Excerpted data »

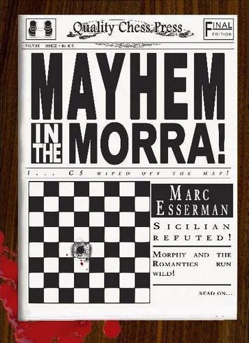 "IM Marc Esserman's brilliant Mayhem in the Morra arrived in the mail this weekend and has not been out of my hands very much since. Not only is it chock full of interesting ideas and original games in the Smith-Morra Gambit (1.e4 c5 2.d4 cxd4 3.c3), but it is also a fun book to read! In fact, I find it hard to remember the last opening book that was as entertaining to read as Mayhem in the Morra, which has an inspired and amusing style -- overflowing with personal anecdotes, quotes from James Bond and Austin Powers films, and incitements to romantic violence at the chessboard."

...

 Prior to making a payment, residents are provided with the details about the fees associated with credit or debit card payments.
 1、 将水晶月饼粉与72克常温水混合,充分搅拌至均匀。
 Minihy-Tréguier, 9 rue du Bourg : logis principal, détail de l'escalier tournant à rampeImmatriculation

Work instruction » In the listing above, locate the line containing "Prior to making" and the line containing "Minihy-Tréguier, 9 rue". Transcribe those two lines and everything between them, exactly as written.

Expected output »
 Prior to making a payment, residents are provided with the details about the fees associated with credit or debit card payments.
 1、 将水晶月饼粉与72克常温水混合,充分搅拌至均匀。
 Minihy-Tréguier, 9 rue du Bourg : logis principal, détail de l'escalier tournant à rampeImmatriculation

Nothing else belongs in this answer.